Brazil updates eFX rules for betting-era payments while maintaining dedicated transaction classification for gaming flows
Brazil’s Central Bank has approved a new package of rules for the eFX international payment service, tightening who can operate it and how funds must be handled, while the country’s foreign-exchange framework continues to use a dedicated classification code for “games and bets” transactions.
The fresh regulatory step came on 30 April 2026, when the Banco Central approved Resolution BCB No. 561 to update the rules for eFX, the regulated model used for digital international payments, purchases, withdrawals and transfers. The Central Bank said the reform is meant to improve security, transparency and alignment with international standards for preventing illicit financial activity.
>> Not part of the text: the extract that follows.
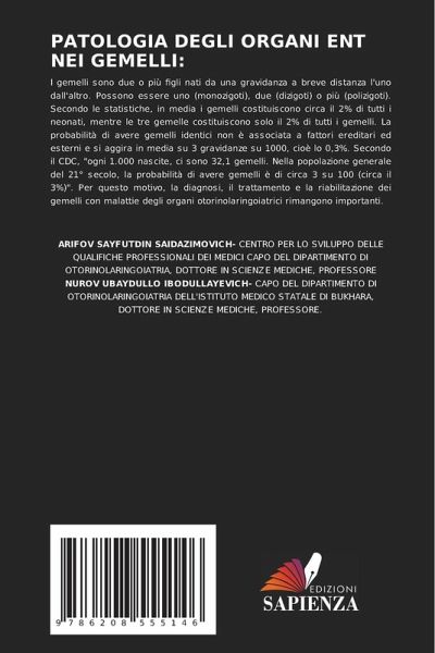 I gemelli sono due o più figli nati da una gravidanza a breve distanza l'uno dall'altro. Possono essere uno (monozigoti), due (dizigoti) o più (polizigoti). Secondo le statistiche, in media i gemelli costituiscono circa il 2% di tutti i neonati, mentre le tre gemelle costituiscono solo il 2% di tutti i gemelli. La probabilità di avere gemelli identici non è associata a fattori ereditari ed esterni e si aggira in media su 3 gravidanze su 1000, cioè lo 0,3%. Secondo il CDC, "ogni 1.000 nascite, ci sono 32,1 gemelli. Nella popolazione generale del 21° secolo, la probabilità di avere gemelli è di circa 3 su 100 (circa il 3%)". Per questo motivo, la diagnosi, il trattamento e la riabilitazione dei gemelli con malattie degli organi otorinolaringoiatrici rimangono importanti.

The most immediate practical change is institutional control. According to the Central Bank and Agência Brasil, eFX will now be restricted to institutions authorized by the BCB, while providers not yet authorized may continue temporarily but must seek authorization by May 2027. The same update requires monthly reporting to the Central Bank and the use of segregated accounts for the movement of client funds, showing a clear shift toward tighter compliance around cross-border digital payments.
The reform also broadens the permitted use of eFX. Agência Brasil reported that the updated framework extends the service to investments in financial and capital markets in Brazil and abroad, with a limit of US$10,000 per transaction, while the official norm confirms transitional obligations such as Unicad registration by 30 October 2026 for authorized institutions that provide eFX. In other words, the Central Bank is simultaneously expanding legitimate use cases and strengthening the control architecture around them.
An important accuracy point is that the dedicated betting code is not entirely new in 2026. In the Central Bank’s 2022 foreign-exchange framework, the regulator already created specific codes for “games and bets” flows, stating that the purpose was to improve direct identification of such operations for supervision and statistics. In the annexed classification tables, the eFX code for “jogos e apostas” is 34045, while a broader services code for “jogos e apostas” is 46150.
That matters because Brazil’s fixed-odds betting market is no longer operating in a legal vacuum. The Ministry of Finance says only companies previously authorized by the Secretariat of Prizes and Betting may operate nationally since 1 January 2025, and federally authorized betting sites use the “.bet.br” domain. Against that backdrop, the combination of a dedicated FX classification and stricter eFX governance points to a broader policy objective: making gambling-related financial flows more visible, more traceable and easier to separate from illegal or opaque activity.